WORK ORDER. Repeat the stretch of entries below from the line with "Transparent dial reveals" through the line with "最后,全体与会人员放声歌唱《". Include both ends and add nothing.

RECORDS FOR THE EXERCISE.
____________
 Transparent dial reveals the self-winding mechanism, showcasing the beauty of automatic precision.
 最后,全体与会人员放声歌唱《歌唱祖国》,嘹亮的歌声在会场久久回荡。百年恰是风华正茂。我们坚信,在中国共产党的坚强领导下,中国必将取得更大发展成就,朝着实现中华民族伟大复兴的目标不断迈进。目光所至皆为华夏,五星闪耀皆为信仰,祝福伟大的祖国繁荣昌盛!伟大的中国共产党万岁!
____________
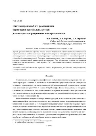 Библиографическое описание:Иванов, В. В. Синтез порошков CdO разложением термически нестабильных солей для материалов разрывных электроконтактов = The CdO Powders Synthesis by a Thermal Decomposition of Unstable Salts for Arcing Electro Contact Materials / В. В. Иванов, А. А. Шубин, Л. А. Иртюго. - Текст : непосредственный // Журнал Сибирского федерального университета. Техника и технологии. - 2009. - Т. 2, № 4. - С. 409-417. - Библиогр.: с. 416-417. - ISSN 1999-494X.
____________
RESPONSE.
 Transparent dial reveals the self-winding mechanism, showcasing the beauty of automatic precision.
 最后,全体与会人员放声歌唱《歌唱祖国》,嘹亮的歌声在会场久久回荡。百年恰是风华正茂。我们坚信,在中国共产党的坚强领导下,中国必将取得更大发展成就,朝着实现中华民族伟大复兴的目标不断迈进。目光所至皆为华夏,五星闪耀皆为信仰,祝福伟大的祖国繁荣昌盛!伟大的中国共产党万岁!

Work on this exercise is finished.